• Your goal
Please copy, exactly as they appear below, the lines from the one containing "一种方式是将消息放入消息队列" through the one containing "Scott Akins |".

• Dataset excerpts
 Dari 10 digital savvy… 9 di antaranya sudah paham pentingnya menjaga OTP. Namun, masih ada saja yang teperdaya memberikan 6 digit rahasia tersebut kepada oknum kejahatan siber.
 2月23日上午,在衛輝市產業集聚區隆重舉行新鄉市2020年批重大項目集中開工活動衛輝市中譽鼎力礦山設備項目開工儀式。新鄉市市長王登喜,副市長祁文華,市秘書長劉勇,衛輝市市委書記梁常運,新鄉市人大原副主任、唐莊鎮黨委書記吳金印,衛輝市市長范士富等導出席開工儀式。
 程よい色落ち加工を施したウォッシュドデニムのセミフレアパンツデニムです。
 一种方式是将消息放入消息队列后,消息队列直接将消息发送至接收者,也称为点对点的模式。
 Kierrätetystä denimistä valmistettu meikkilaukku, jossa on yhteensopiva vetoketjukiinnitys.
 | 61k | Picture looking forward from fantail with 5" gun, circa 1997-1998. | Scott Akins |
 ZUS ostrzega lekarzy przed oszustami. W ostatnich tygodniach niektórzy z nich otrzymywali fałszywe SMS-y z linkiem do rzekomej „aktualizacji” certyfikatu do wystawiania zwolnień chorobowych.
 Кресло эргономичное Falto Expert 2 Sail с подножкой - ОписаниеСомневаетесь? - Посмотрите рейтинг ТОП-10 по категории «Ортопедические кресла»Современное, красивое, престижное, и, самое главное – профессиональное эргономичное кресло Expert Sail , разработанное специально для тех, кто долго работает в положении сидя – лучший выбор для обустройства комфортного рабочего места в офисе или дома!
* * *
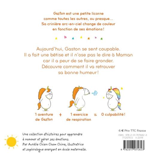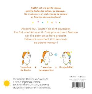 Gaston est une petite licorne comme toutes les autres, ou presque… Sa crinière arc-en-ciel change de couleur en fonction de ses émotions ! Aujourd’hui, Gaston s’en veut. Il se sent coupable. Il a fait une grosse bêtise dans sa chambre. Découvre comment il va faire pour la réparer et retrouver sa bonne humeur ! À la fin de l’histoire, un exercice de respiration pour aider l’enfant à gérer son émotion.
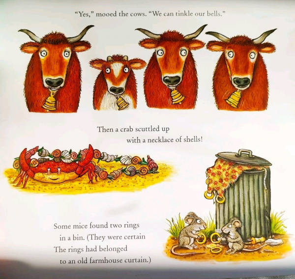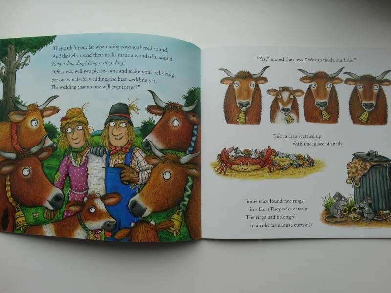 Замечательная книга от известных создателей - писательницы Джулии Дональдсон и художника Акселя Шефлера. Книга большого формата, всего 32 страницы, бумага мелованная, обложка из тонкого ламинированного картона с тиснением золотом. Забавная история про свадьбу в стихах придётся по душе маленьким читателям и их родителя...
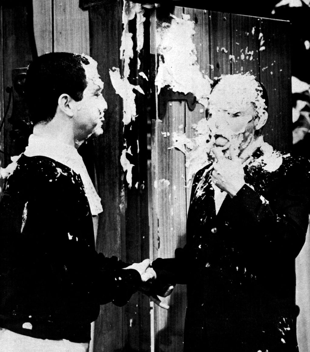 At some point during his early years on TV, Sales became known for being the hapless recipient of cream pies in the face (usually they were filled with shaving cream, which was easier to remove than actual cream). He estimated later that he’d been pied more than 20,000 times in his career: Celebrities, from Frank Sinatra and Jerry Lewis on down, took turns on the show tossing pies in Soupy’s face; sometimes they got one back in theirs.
--
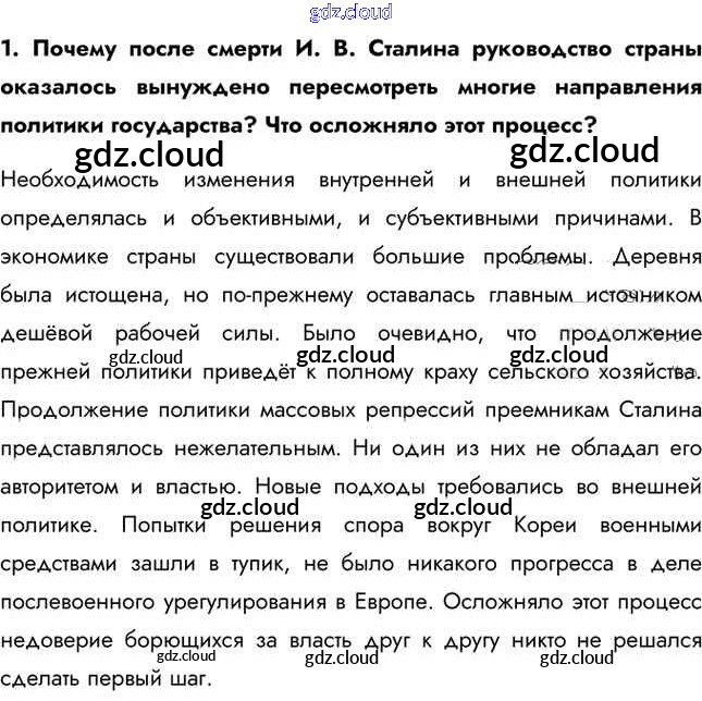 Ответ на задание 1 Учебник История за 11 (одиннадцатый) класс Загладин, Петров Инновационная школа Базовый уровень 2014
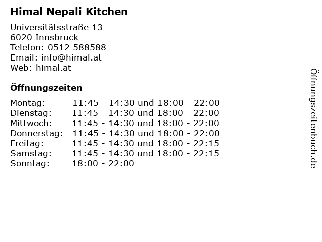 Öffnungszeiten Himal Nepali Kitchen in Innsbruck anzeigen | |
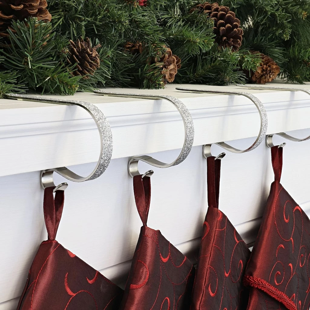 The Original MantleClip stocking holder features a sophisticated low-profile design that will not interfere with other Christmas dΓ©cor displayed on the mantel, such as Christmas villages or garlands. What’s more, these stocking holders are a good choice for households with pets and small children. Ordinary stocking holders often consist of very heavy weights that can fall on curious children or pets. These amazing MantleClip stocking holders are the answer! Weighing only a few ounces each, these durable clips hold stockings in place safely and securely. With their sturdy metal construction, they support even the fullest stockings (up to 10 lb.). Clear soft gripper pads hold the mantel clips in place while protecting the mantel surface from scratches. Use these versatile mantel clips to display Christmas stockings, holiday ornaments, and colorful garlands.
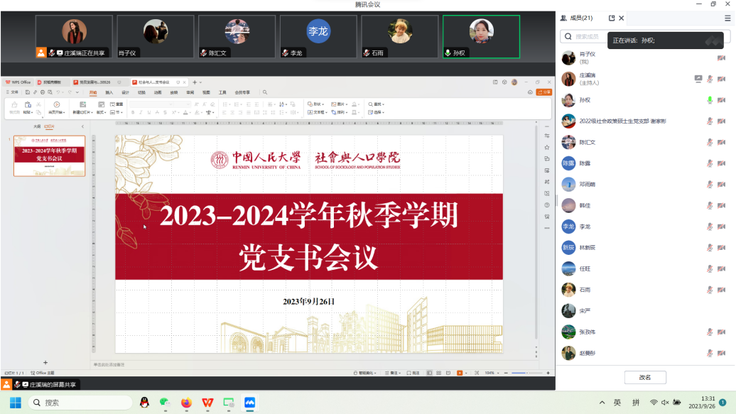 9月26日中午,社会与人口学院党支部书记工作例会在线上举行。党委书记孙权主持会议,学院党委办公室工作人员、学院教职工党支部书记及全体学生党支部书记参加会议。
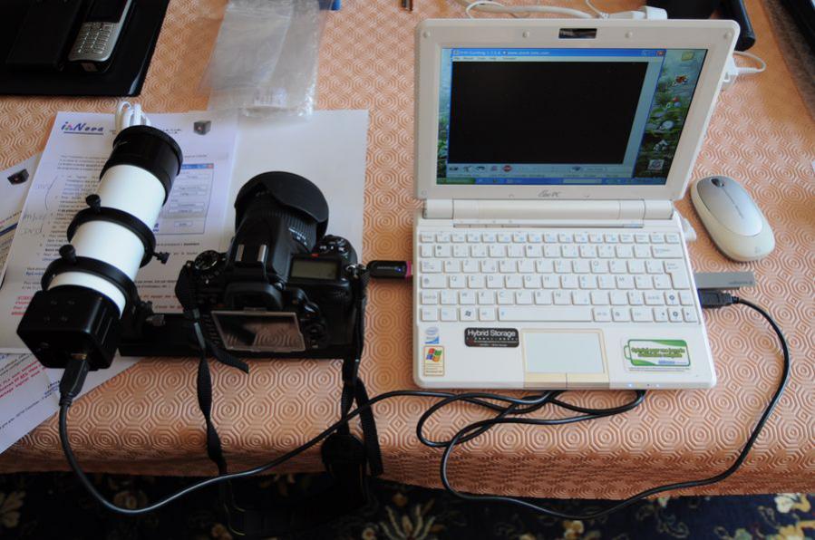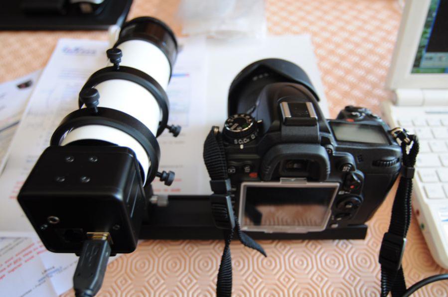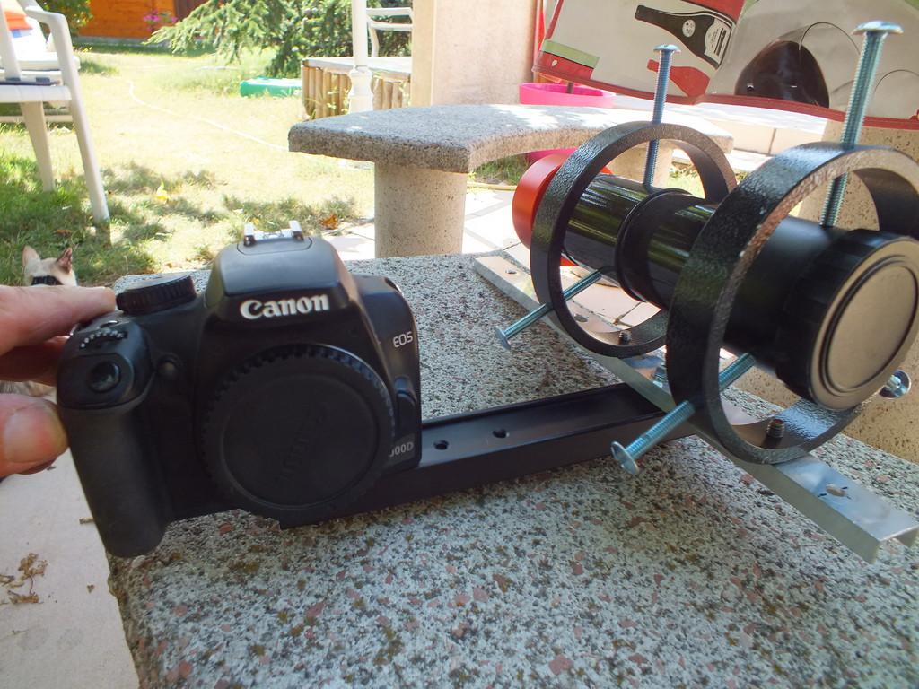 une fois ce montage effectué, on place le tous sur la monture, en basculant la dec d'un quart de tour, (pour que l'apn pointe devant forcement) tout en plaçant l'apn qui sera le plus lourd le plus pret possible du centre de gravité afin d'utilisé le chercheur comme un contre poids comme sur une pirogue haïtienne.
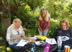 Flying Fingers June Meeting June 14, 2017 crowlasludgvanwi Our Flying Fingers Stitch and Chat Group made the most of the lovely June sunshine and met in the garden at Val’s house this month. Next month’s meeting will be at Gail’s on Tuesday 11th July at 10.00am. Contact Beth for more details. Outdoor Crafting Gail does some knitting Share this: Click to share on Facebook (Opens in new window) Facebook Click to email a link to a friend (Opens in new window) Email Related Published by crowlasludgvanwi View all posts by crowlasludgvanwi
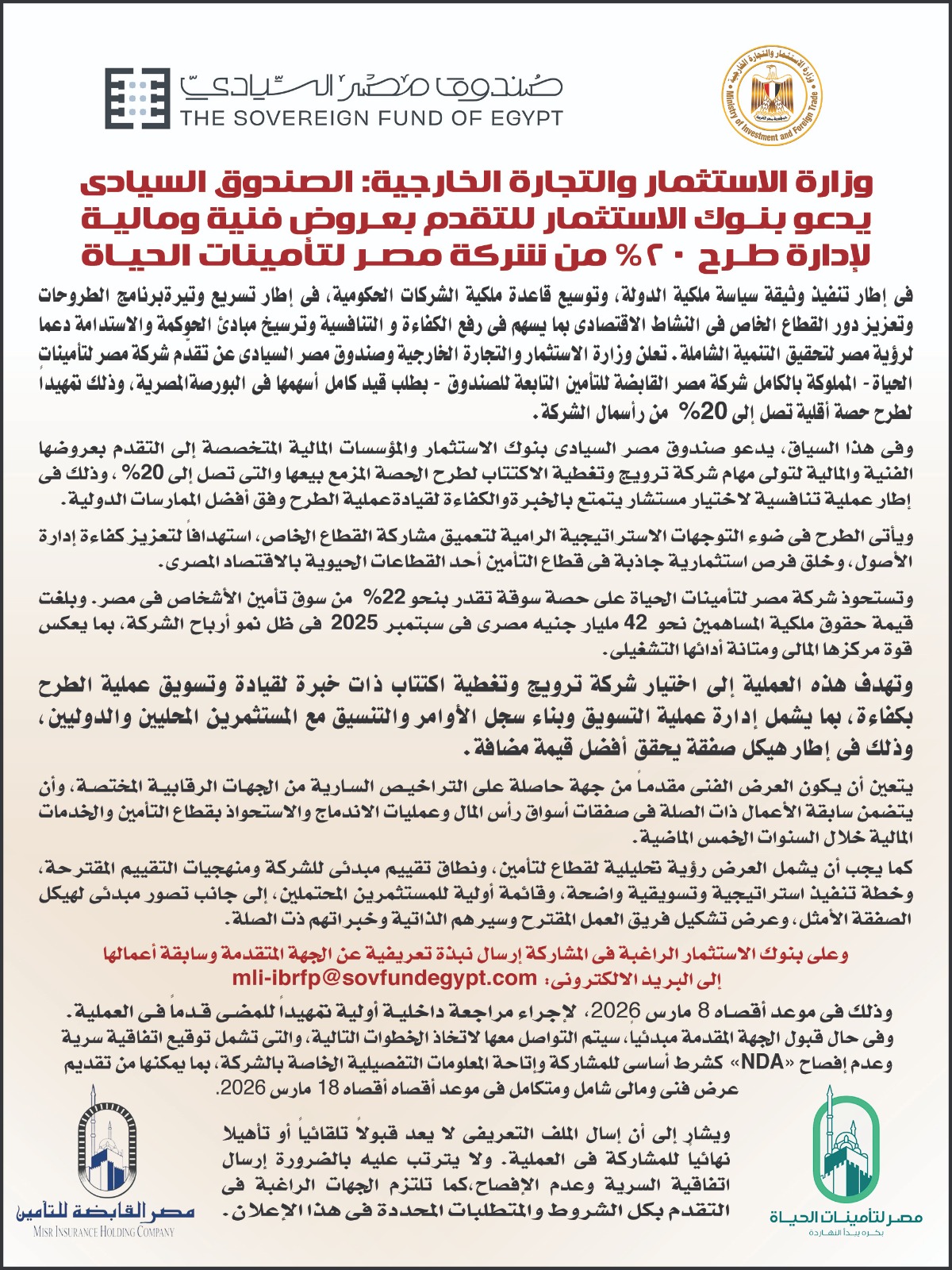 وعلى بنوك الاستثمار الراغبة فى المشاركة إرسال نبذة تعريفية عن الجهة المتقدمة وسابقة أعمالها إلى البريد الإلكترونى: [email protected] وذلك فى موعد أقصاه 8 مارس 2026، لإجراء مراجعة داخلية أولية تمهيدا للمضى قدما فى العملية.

• Solution for this exercise
 一种方式是将消息放入消息队列后,消息队列直接将消息发送至接收者,也称为点对点的模式。
 Kierrätetystä denimistä valmistettu meikkilaukku, jossa on yhteensopiva vetoketjukiinnitys.
 | 61k | Picture looking forward from fantail with 5" gun, circa 1997-1998. | Scott Akins |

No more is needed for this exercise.